Member of the U.S. House of Representatives from New York's 10th district
- In office March 4, 1837 – March 3, 1839
- Preceded by: Gerrit Y. Lansing
- Succeeded by: Daniel Barnard

U.S. Collector of Customs for the Port of Albany, New York
- In office 1843–1849
- Preceded by: Thomas McElroy
- Succeeded by: Richard Varick DeWitt

Sheriff of Albany County, New York
- In office November 1831 – November 1834
- Preceded by: Asa Colvard
- Succeeded by: Angus McDuffie

Personal details
- Born: January 30, 1796 Berne, New York, U.S.
- Died: November 30, 1851 (aged 55) Providence, Rhode Island, U.S.
- Resting place: Swan Point Cemetery
- Party: Democratic
- Spouse: Eunice Smith ​(m. 1818)​
- Children: 7 (including Caroline Gallup Reed)
- Profession: Attorney

= Albert Gallup =

American politician (1796–1851)

Albert Gallup (January 30, 1796 – November 5, 1851) was a U.S. representative from New York, serving one term from 1837 to 1839.

==Early life==
Gallup was born in East Berne, New York to Nathaniel Gallup (1770–1834) and Lucy (née Latham) Gallup (1773–1862).

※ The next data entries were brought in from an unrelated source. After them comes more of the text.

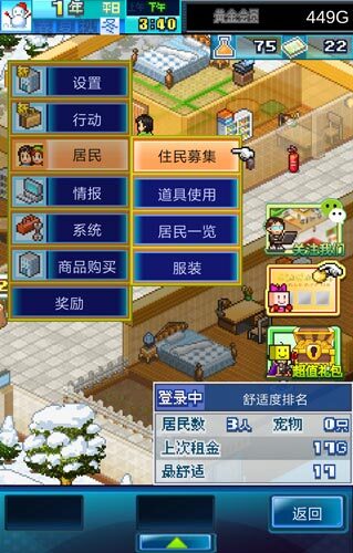 前期若舒适度不足,切勿尝试招募需要100研究点的房客。因为前期设施等级较低,所能增加的舒适度有限。待经过一段时间,设施等级提升,专用房间数量增多后,再去招募这类房客。建议在舒适度达到80左右时进行招募,运用SL大法,即在招募前先存档。招募时间最好选在凌晨休息日,如此早上9点左右房客便会前来查看房屋,无需长时间等待。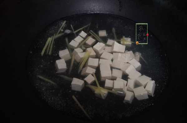 4、接着就把准备好的豆腐也一块放到锅内,豆腐属于比较耐煮的食材,因此我们可以提前下锅。要是喜欢吃煮得老点的豆腐甚至可以将豆腐在锅内熬煮片刻。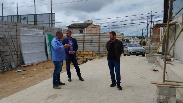 O delegado esteve, na manhã desta quarta-feira, visitando as obras e ouviu do engenheiro responsável a data da conclusão da obra.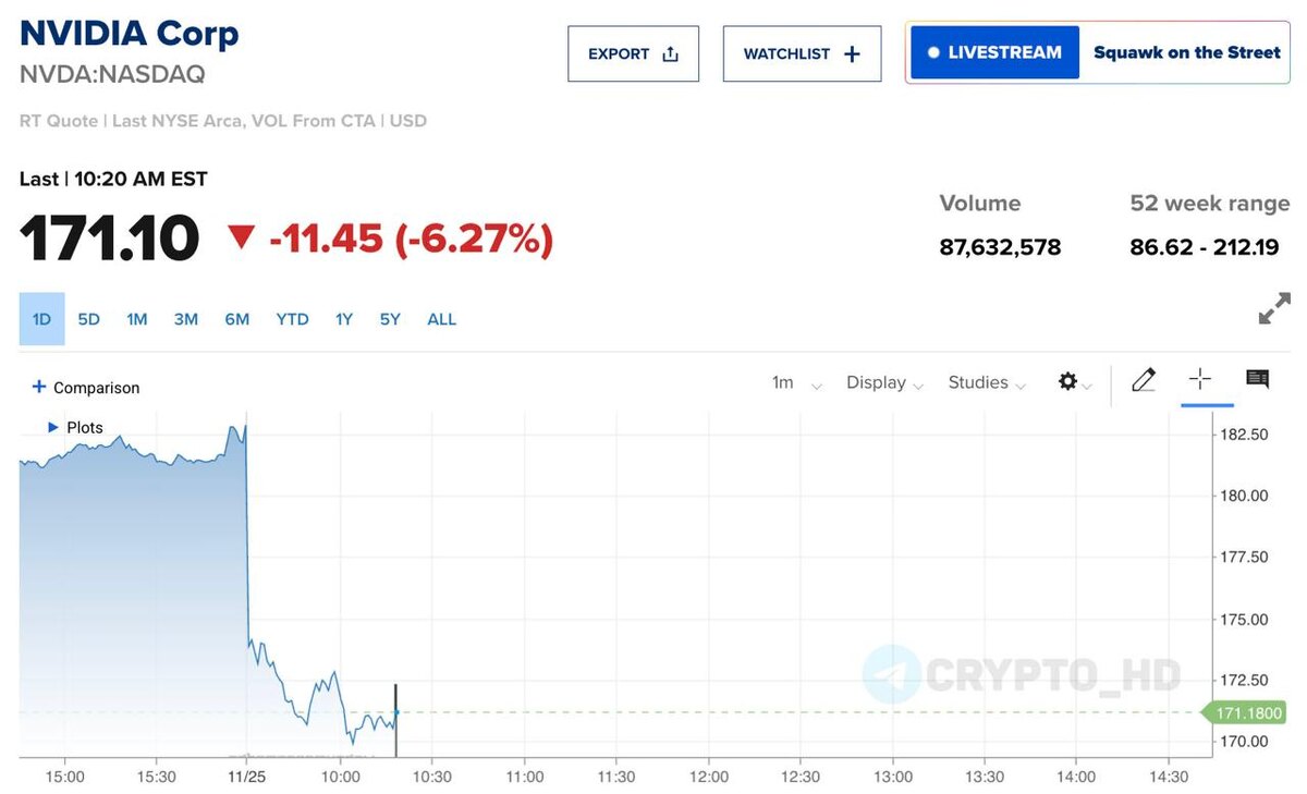 🔽 Компания Nvidia (#NVDA) потеряла сегодня уже более $250,000,000,000 рыночной капитализации…

His ancestors fought in the colonial wars, including, Capt. John Gallup, who was killed in the Narraganset Swamp fight with the Indians, and another, William Latham, who was killed at the Battle of New London.

As a child, Gallup received a limited schooling. He later studied law, was admitted to the bar, and practiced in Albany.

==Career==
From 1831 to 1834, he served as sheriff of Albany County.

=== Congress ===
Gallup was elected as a Democrat to the Twenty-fifth Congress serving from March 4, 1837, until March 3, 1839. He was an unsuccessful candidate for reelection to the Twenty-sixth Congress in 1838.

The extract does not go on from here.